Runs validated Ginkgo tests which are confirmed to be stable and have been verified. These tests must always pass.

The configuration for this job is contained within ginkgo.Jenkinsfile.

It first runs unit tests using docker-compose using a YAML located at test/docker-compose.yaml.

The next steps happens in parallel:

  • Runs the single-node e2e tests using the Docker runtime.
  • Runs the multi-node Kubernetes e2e tests against the latest default version of Kubernetes specified above.

This job can be used to run tests on custom branches. To do so, log into Jenkins and go to https://jenkins.cilium.io/job/cilium-ginkgo/configure . Then add your branch name to GitHub Organization -> cilium -> Filter by name (with wildcards) -> Include field and save changes. After you don’t need to run tests on your branch, please remove the branch from this field.

Cilium-PR-Ginkgo-Tests-k8s

Runs the Kubernetes e2e tests against all Kubernetes versions that are not currently not tested as part of each pull-request, but which Cilium still supports, as well as the the most-recently-released versions of Kubernetes that that might not be declared stable by Kubernetes upstream:

First stage.

  • 1.10
  • 1.11

Second stage (other versions)

  • 1.12
  • 1.13

Third stage

  • 1.14
  • beta versions (1.16-beta once it’s out)

Cilium-Nightly-Tests-PR

Runs long-lived tests which take extended time. Some of these tests have an expected failure rate.

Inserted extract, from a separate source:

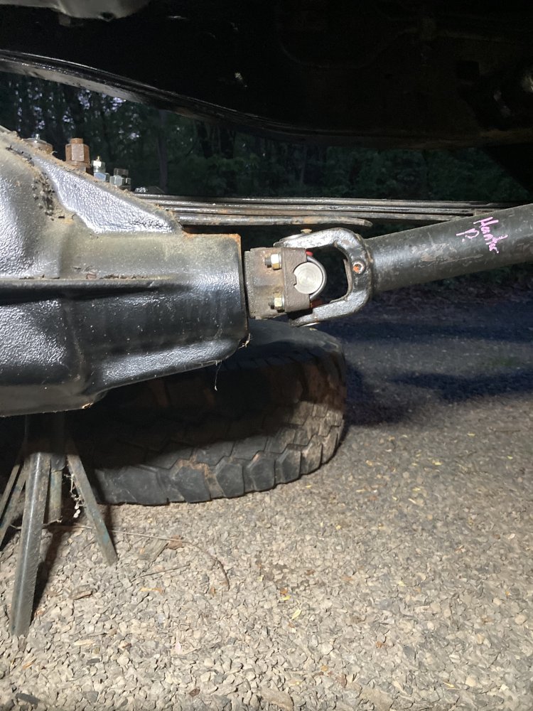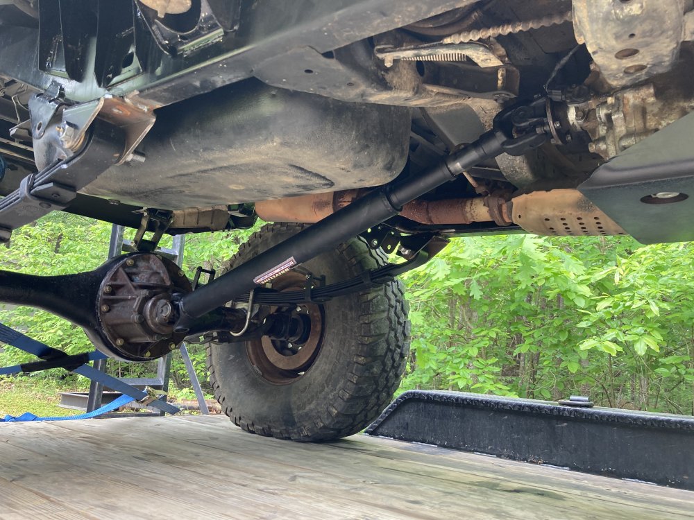got the pinion angle set and rear spring perches welded on yesterday. Hated to do it in my unlevel gravel driveway, but it needed to get done. Couldn’t afford to have Oliver’s do my rear shaft, so I cut the slip section out and sent it to Taylor driveline in Monroe.

Nightly tests run once per day in the Cilium-Nightly-Tests Job. The configuration for this job is stored in Jenkinsfile.nightly.

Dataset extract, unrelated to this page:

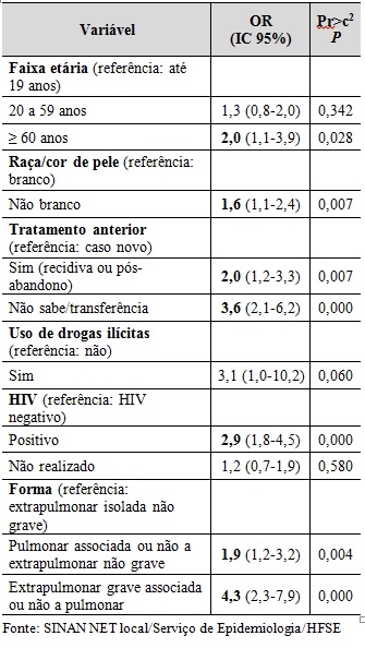 Introdução: A tuberculose (TB) é uma doença infecciosa, negligenciada, endêmica em diversos países e que mata cerca de 1,3 milhões de pessoas a cada ano. É considerada um importante problema de saúde pública global e é um agravo de notificação compulsória em todo o território nacional. Segundo a Organização Mundial da Saúde (OMS), o Brasil se encontra entre os países com maior carga de doença. Em 2014, o estado do Rio de Janeiro apresentou a segunda maior taxa de incidência e a maior taxa de mortalidade por TB no país. Objetivos: Identificar os fatores associados a um desfecho desfavorável (óbito ou abandono) do tratamento da tuberculose em pacientes diagnosticados no HFSE, no período de 2007 a 2014. Metodologia: Estudo observacional, com análise de bases de dados secundárias do HFSE e coleta de dados em prontuários médicos e nas fichas de investigação epidemiológica do Sistema de Informação de Agravos de Notificação (SINAN). Inicialmente foram incluídos todos os casos confirmados laboratorialmente ou clinicamente, com informação de encerramento registrada como cura, óbito por tuberculose e abandono do tratamento. Para fins deste estudo foram considerados desfechos desfavoráveis o óbito por tuberculose e o abandono do tratamento. A análise descritiva inicial foi realizada com o EpiInfo 2000. Executou-se a rotina de revisão de duplicidades e análise de completitude/consistência. As variáveis com razões de chances elevadas na análise bivariada (ainda que sem significância estatística) e aquelas consideradas de importância clínica foram consideradas para inclusão no modelo de regressão logística. A análise estatística foi realizada utilizando-se o software SPSS 18, considerando estatisticamente significativo p<0,005. O projeto foi aprovado pelo Comitê de Ética em Pesquisa do HFSE. Resultados e Discussão: Durante o período estudado foram notificados 1642 casos de TB, sendo selecionados 670 para análise neste estudo: cura = 383 (23,3%); abandono do tratamento = 128 (7,8%); e óbito por TB = 159 (9,7%). As variáveis incluídas no modelo inicial de regressão logística foram faixa etária, raça/cor, história de tratamento prévio para TB, uso de drogas ilícitas, exame anti- HIV e forma clínica/gravidade. O modelo final de regressão logística na tabela 1, com concordância de 69,3%, é apresentado na tabela 1. As situações com associação estatisticamente significativa a um desfecho desfavorável do tratamento para TB (p<0,005) foram idade = 60, raça não branca, história de tratamento prévio para TB ou situação de tratamento prévio desconhecida, anti-HIV positivo e a presença de formas extrapulmonares graves, que incluem a forma miliar, a meningoencefálica e a disseminada.. Tabela 1. Análise de regressão logística múltipla dos fatores associados ao desfecho desfavorável do tratamento da TB em pacientes notificados no HFSE, diagnosticados de 2007 a 2014.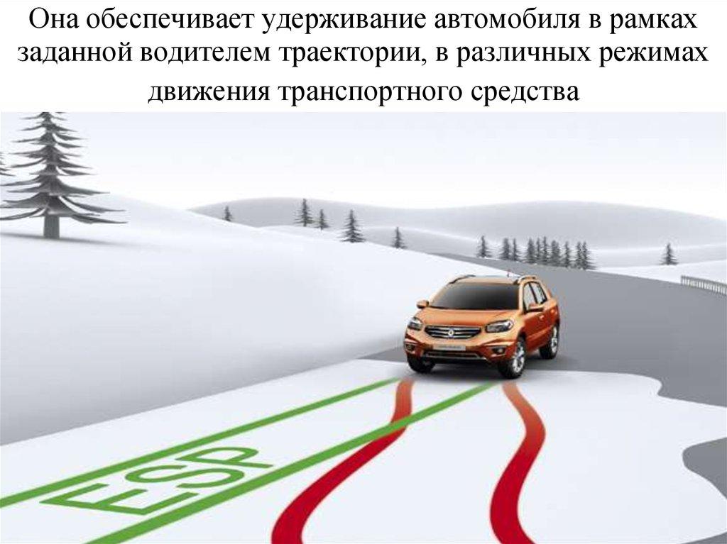 2. Она обеспечивает удерживание автомобиля в рамках заданной водителем траектории, в различных режимах движения транспортного

To see the results of these tests, you can view the JUnit Report for an individual job:

  1. Click on the build number you wish to get test results from on the left hand side of the Cilium-Nightly-Tests Job.
  2. Click on ‘Test Results’ on the left side of the page to view the results from the build. This will give you a report of which tests passed and failed. You can click on each test to view its corresponding output created from Ginkgo.

This first runs the Nightly tests with the following setup:

  • 4 Kubernetes 1.8 nodes
  • 4 GB of RAM per node.
  • 4 vCPUs per node.

Then, it runs tests Kubernetes tests against versions of Kubernetes that are currently not tested against as part of each pull-request, but that Cilium still supports.

It also runs a variety of tests against Envoy to ensure that proxy functionality is working correctly.

Triggering Pull-Request Builds With Jenkins

To ensure that build resources are used judiciously, builds on Jenkins are manually triggered via comments on each pull-request that contain “trigger-phrases”. Only members of the Cilium GitHub organization are allowed to trigger these jobs. Refer to the table below for information regarding which phrase triggers which build, which build is required for a pull-request to be merged, etc. Each linked job contains a description illustrating which subset of tests the job runs.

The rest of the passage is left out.